Data reduction pipelines developed at the Institute of Astronomy, Cambridge used software tools comparable in aim to those created for the Sloan Digital Sky Survey and the Pan-STARRS project; catalogs produced parameters such as isophotal magnitudes, ellipticities, and positional centroids suitable for cross-correlation with the 2dF Galaxy Redshift Survey, the 6dF Galaxy Survey, and the Galaxy And Mass Assembly team efforts. Quality assessment referenced calibration techniques from the Landolt photometric standard stars, astrometric tying to the Tycho Catalogue, and systematic analyses influenced by methodologies from the Maximum Likelihood Estimation programs used by groups at the University of Cambridge and University of Edinburgh. The final catalogue enabled association with entries in the NASA/IPAC Extragalactic Database, the SIMBAD Astronomical Database, and archival holdings at the Royal Observatory, Edinburgh.

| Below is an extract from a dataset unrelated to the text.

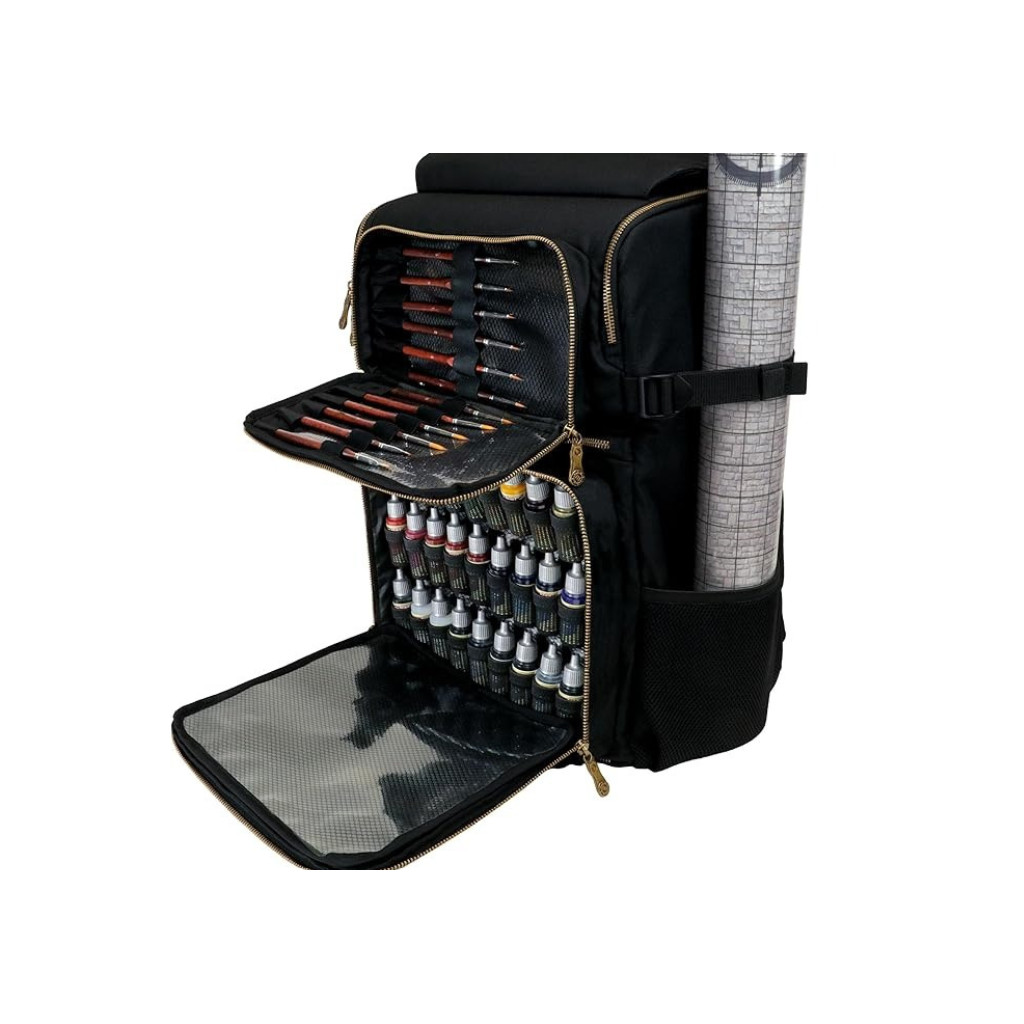 un support latéral maintient votre tapis de jeu en place ; des poches extérieures et intérieures permettent de ranger la peinture, les pinceaux et les figurines ; des fermetures éclair robustes et un sac de transport rembourré rendent les tournois et les rencontres agréables et sans stress.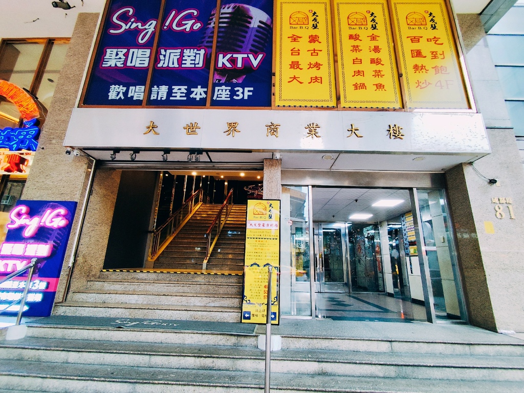 新大戈壁蒙古烤肉西門旗艦店開在大世界商業大樓四樓位置(地址 : 台北市萬華區成都路81號4樓) 一樓是星聚點KTV

The APM-derived catalogues supported measurements of the galaxy two-point correlation function and large-scale structure that were compared with results from the 2dF Galaxy Redshift Survey, the Sloan Digital Sky Survey, the Las Campanas Redshift Survey, and theoretical predictions from simulations at the Max Planck Institute for Astrophysics and the Institute for Advanced Study. Analyses using APM data informed determination of galaxy clustering bias applied in work by researchers affiliated with the University of Oxford, Princeton University, Harvard University, and Yale University, and contributed constraints on cosmological parameters that were later refined by teams behind the Wilkinson Microwave Anisotropy Probe and Planck (spacecraft). Studies of galaxy counts, morphology distributions, and photometric scaling relations used comparisons to datasets from the 2MASS Redshift Survey, the Hubble Space Telescope surveys, and observations by the European Southern Observatory.

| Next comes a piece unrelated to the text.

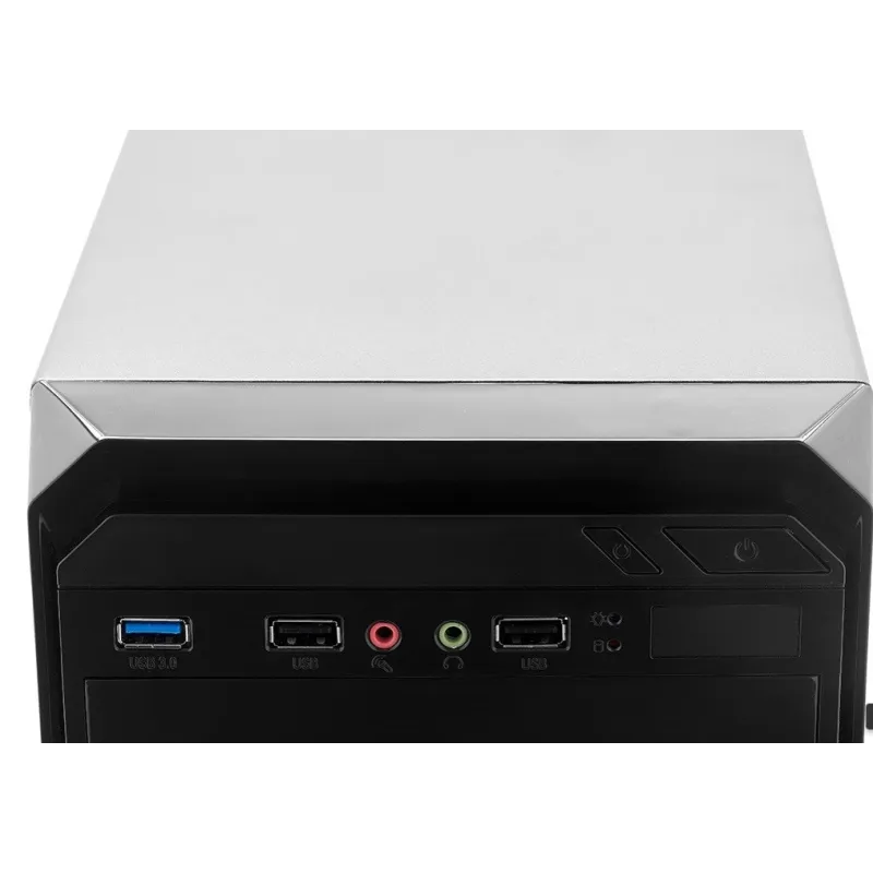 En cuanto a conectividad, el chasis dispone de 2 puertos USB 2.0 y 1 puerto USB 3.0, junto con conexiones de audio y micrófono, proporcionando acceso fácil y rápido para tus dispositivos externos. No incluye botones de LED ni de reset.

The APM catalogue influenced subsequent digital surveys and instrument projects including the Sloan Digital Sky Survey, the 2dF Galaxy Redshift Survey, the 6dF Galaxy Survey, and preparatory work for the Large Synoptic Survey Telescope now known as the Vera C. Rubin Observatory. Methodologies developed for plate digitization and morphological classification informed processing at institutions such as the Space Telescope Science Institute, the European Southern Observatory, and the National Optical Astronomy Observatory. The dataset provided historical baselines used by researchers at Cambridge University, University of Edinburgh, Australian National University, and the Anglo-Australian Observatory for studies later published in journals produced by the Royal Astronomical Society and presented at meetings of the International Astronomical Union.